Machine learning problems can be broken down into a few categories. The main one we'll cover in this course is supervised learning. Supervised learning refers to tasks that have a metric for success, whether it's labeled data or rewards for performing well at the task.
On the other side, unsupervised learning refers to problems where the model has no guidance and must infer patterns and features in the data independently.
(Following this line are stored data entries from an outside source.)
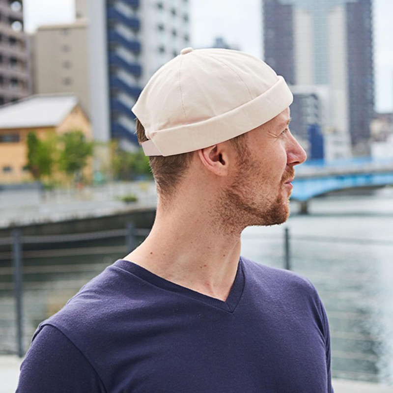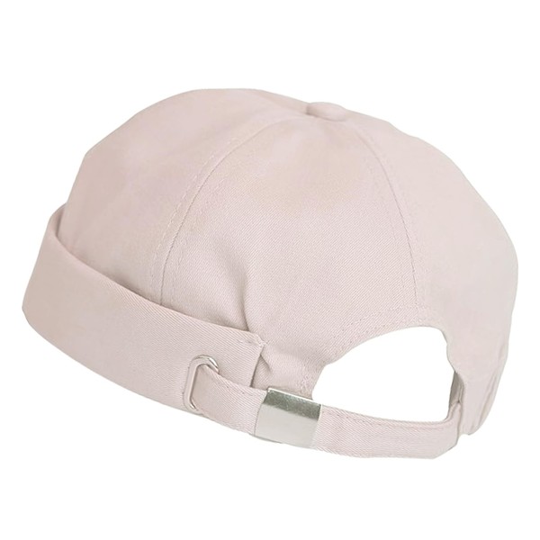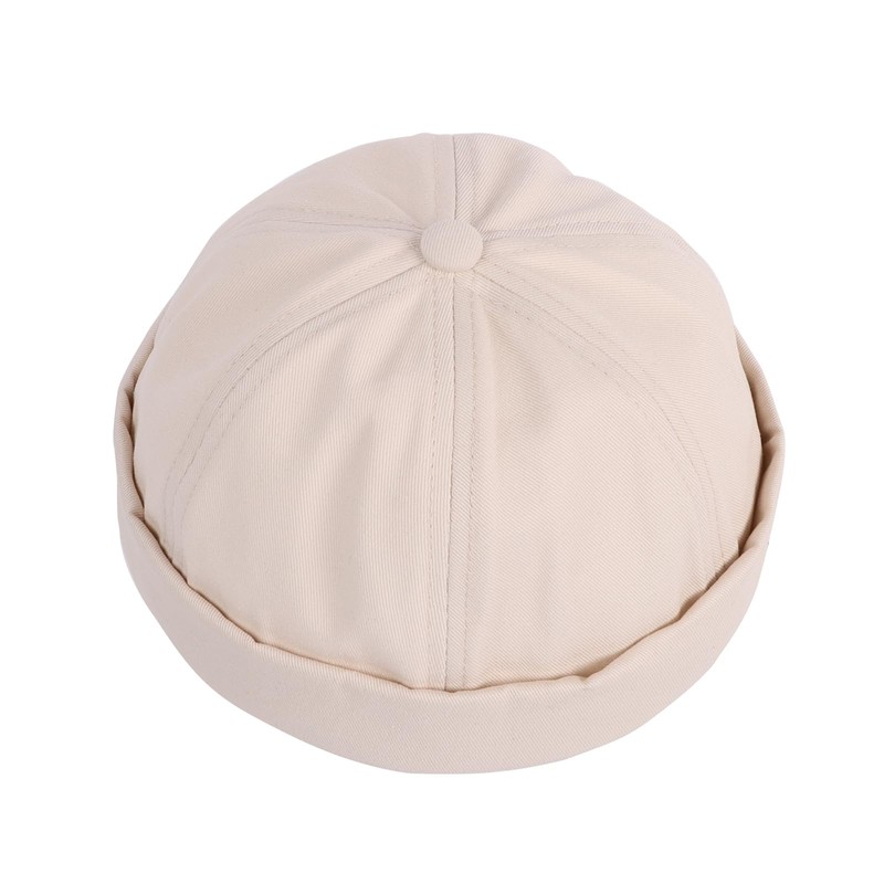Minicloss Docker Cap Men's Women's Hat, Adjustable Harbour Hat, Without Peak, Beanie Cap, Retro Brimless Hat, Chinese Style, Cotton, Short, beige
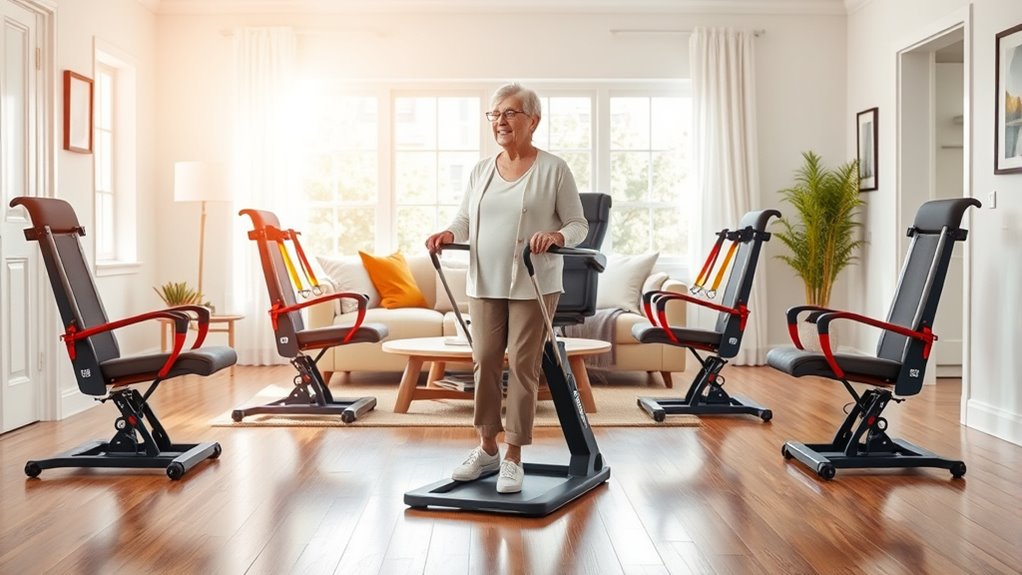 Safety features are essential when evaluating sit-to-stand lifts for seniors, as they directly impact stability and protection during transfers. Dual locking brakes are indispensable, preventing unwanted movement and ensuring the lift stays securely in place. Frame hooks and side support straps add extra stability, giving both the user and caregiver confidence. Non-slip footrests and padded handrails help reduce slips, falls, and injuries. Adjustable components ensure a snug fit for different users, enhancing safety during each transfer. Critical safety features like emergency lowering mechanisms provide peace of mind, allowing quick descent in emergencies. Battery backup functions ensure reliable operation even during power outages. By prioritizing these safety features, you can choose a lift that offers maximum security, reducing risks and promoting safe, confident transfers at home.
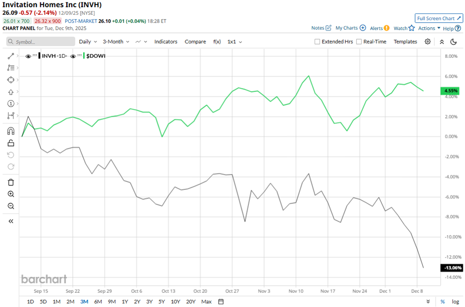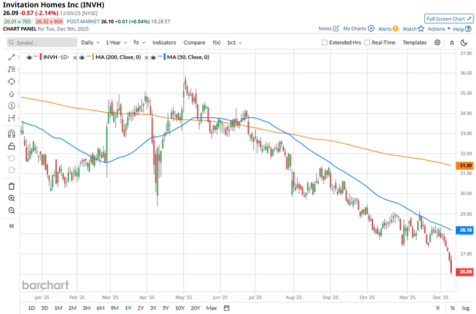 In comparison, rival Equity Residential (EQR) has shown a less pronounced decline than INVH stock. EQR stock has dropped 16.3% YTD and 18.5% over the past 52 weeks.
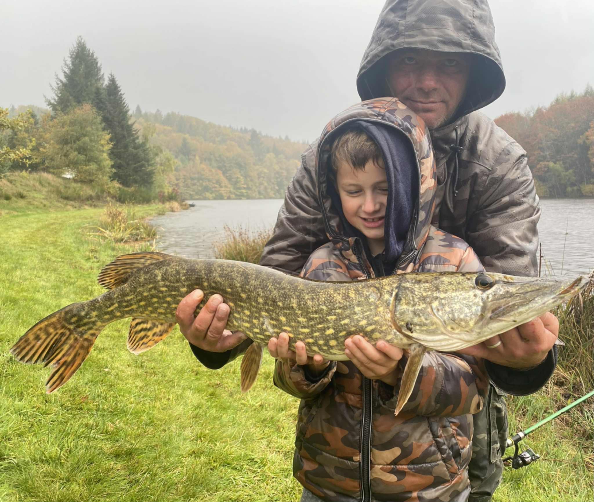 Philippe et Léo, Octobre 2025, semaine sous le signe du soleil, belle complicité père fils. joli brochet pour Philippe de 86 cm
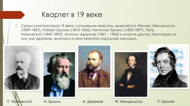 П. Чайковский И. Брамс А. Дворжак Ф. Мендельсон Р. Шуман
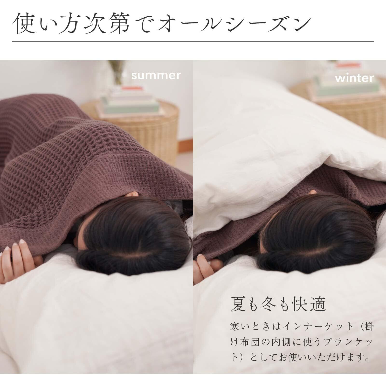 【寒い季節も使用可能】 秋冬はブランケットや毛布の代わりとしても。凹凸でできる空気の層が保温性の役割も果たし、冬場の羽毛布団のインナーケット(中掛け毛布)として使用するのがおすすめです。天然素材で静電気が起きづらく、ほどよい厚みでさらっと快適に過ごしていただけます。
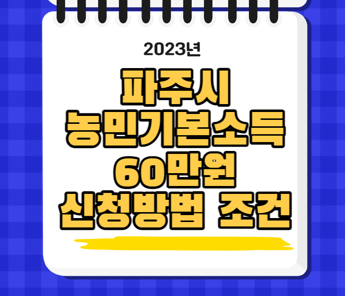 파주시에서 농업에 종사하고 있는 농업인들의 기본소득 보장을 위하여 파주시 농민기본소득 지원사업 신청일정을 공고하여 알려드립니다.
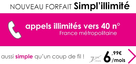 Le nouveau forfait appelé Simpl'illimité est au prix de 7.99€ par mois et sans engagement. Cette offre intègre les appels illimités vers 40 numéros en France, une restriction est appliquée à 15h max par correspondant par mois et 1h max par appel au-delà les appels sont facturés à 0.36€ par minute ou encore 0.18€/min vers des numéros Budget Mobile.
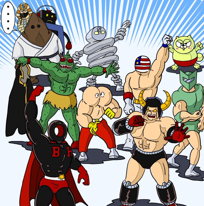 #バッファローマン 🐮率いる #7人の悪魔超人 を息子(7歳)のタッチで今描きました! 10巻の表紙風にしました。 #ステカセキング 📻 #ブラックホール 🕳 #スプリングマン #アトランティス 🐟 #ミスター・カーメン #ザ・魔雲天 🏔 #キン肉マン #キン肉マンアニメ化 #祝キン肉マン400回 twitter.com/u_muse/status/…
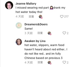 在Lorna视频的评论区,美国网友@Awaken by Lina留言说:“喝热水、穿拖鞋、吃热食……我倒还没听过要穿红戴红……按这三条,我完完全全就是个中国人啊”
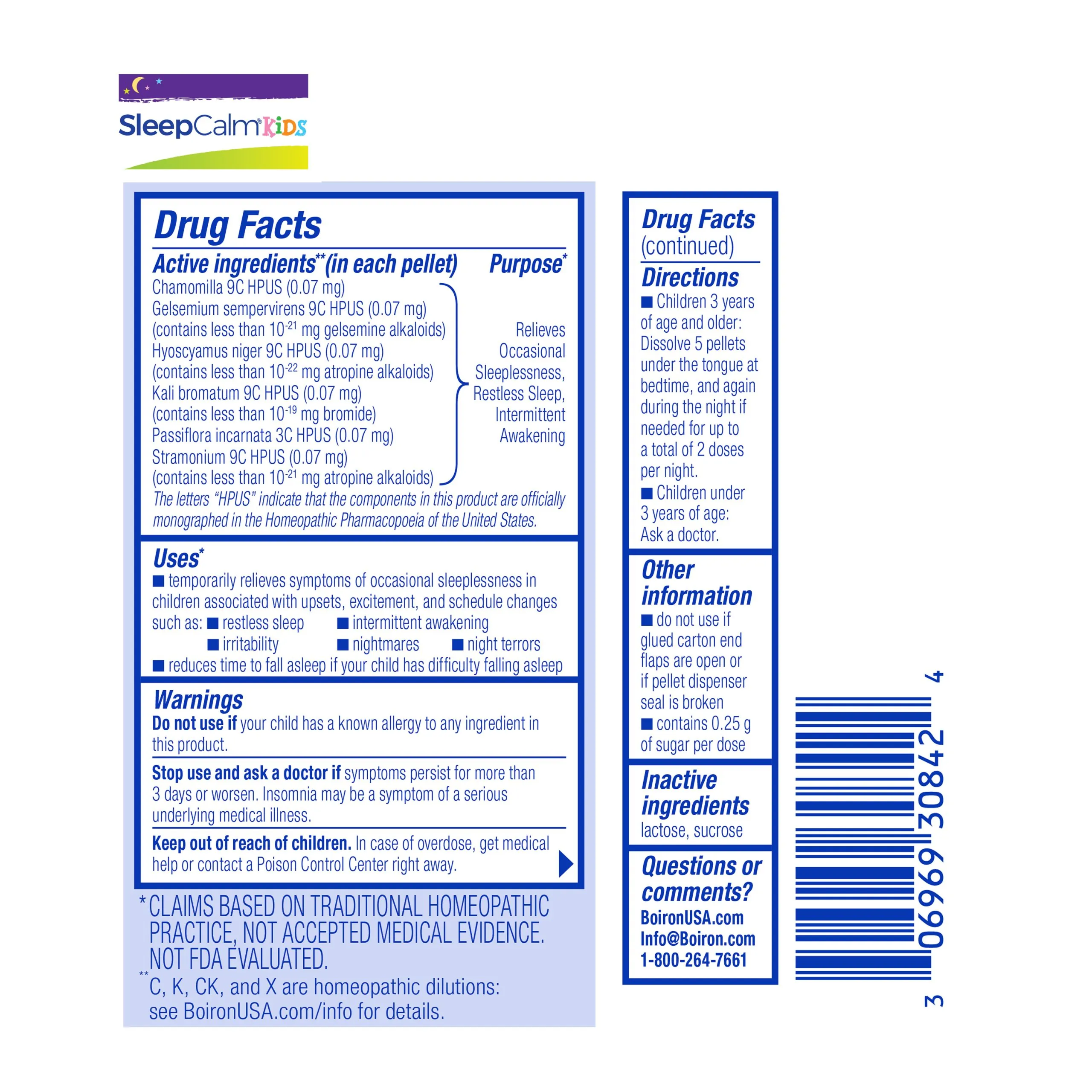 - SleepCalm Kids Pellets (two tubes). Helps calm occasional restless sleep and difficulty falling asleep due to upsets, excitement, or schedule changes.* Gentle, non-habit forming pellets melt in the mouth. Melatonin-free formula for ages 3 and up.

Some of the most frequent problems tackled with supervised learning are Classification problems. In these problems, the model must classify some input data. This can be anything from filtering spam to determining if an image is a picture of a cat or a horse.


How Does a Model "Learn"?
The statistical techniques to perform machine learning tasks have existed for decades, but only recently has the computing power necessary to make it practical become available.
  1. Data is fed into the model. The parameters inside the model take that data and return an answer.
  2. The model's guess is then compared with the expected outcome. (Was the image a cat or a horse? Did the ghost eat Ms. Pac Man?)
  3. The parameters are optimized in the direction of the expected outcome.
This process is repeated with new data until the model has optimized its parameters to be as likely as possible to guess the right answer.

What's in a Model?

We've talked about parameters inside the model, but what exactly does that mean?
A machine learning model can be as simple as a single variable that changes over time to a whole network of thousands of neurons estimating complex processes. The more parameters a model has, the more nuanced the task it can learn becomes.
Tuning your machine learning models is a matter of balancing complexity, processing time, and model structure to be the best at learning its task.
We'll cover how to set up these models and what's inside them in the coming lessons!

Recap

  • Machine learning allows computers to learn and improve at a given task with practice over time.
  • Supervised learning refers to machine learning problems where the expected outcome is known and used to train the network.